You are viewing a plain text version of this content. The canonical link for it is here.

Posted to commits@druid.apache.org by "paul-rogers (via GitHub)" <gi...@apache.org> on 2023/03/10 20:14:05 UTC

[GitHub] [druid] paul-rogers commented on issue #13816: Improve MSQ Rollup Experience with Catalog Integration

paul-rogers commented on issue #13816:
URL: https://github.com/apache/druid/issues/13816#issuecomment-1464364704

Thanks, @vogievetsky for the comment. The auto-detection of rollup was in response to someone who _didn't_ like the idea of a flag.

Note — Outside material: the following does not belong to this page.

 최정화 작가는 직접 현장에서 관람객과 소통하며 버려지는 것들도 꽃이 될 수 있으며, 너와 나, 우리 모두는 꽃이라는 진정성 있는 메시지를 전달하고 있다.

As it turns out, the approach outlined here is not actually achievable. It will work better for the catalog to not be in the "rollup-or-not" "measure-or-dimension" business, but rather just to state storage types. Rollup then becomes a property of the ingestion query, not the datasource. This allows a use case in which early data is detail and later data is rolled up.

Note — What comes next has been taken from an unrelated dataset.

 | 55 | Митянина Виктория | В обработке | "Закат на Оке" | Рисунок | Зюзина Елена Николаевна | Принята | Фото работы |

Also, it turns out that our aggregations are not quite ready for the level of metadata envisioned here. All we really can know is the storage type. Thus, a simple `long` or a `SUM(long)`, `MIN(long)` and `MAX(long)` are all the same at the physical level, so the catalog actually cannot tell them apart. Again, it is up to each query to choose an aggregate that works for that ingestion.

So, the revised proposal will be that the user specifies the storage type, as a native Druid type. Even there, it turns out that the Calcite planner only knows about finalized types, not intermediate types. There is thought that, eventually, Druid will offer distinct functions for intermediate and final aggregators. That is some time off.

Or, the catalog could list the finalized type and validate the finalized aggregators against that type, even though MSQ will actually use some other type for intermediate aggregates.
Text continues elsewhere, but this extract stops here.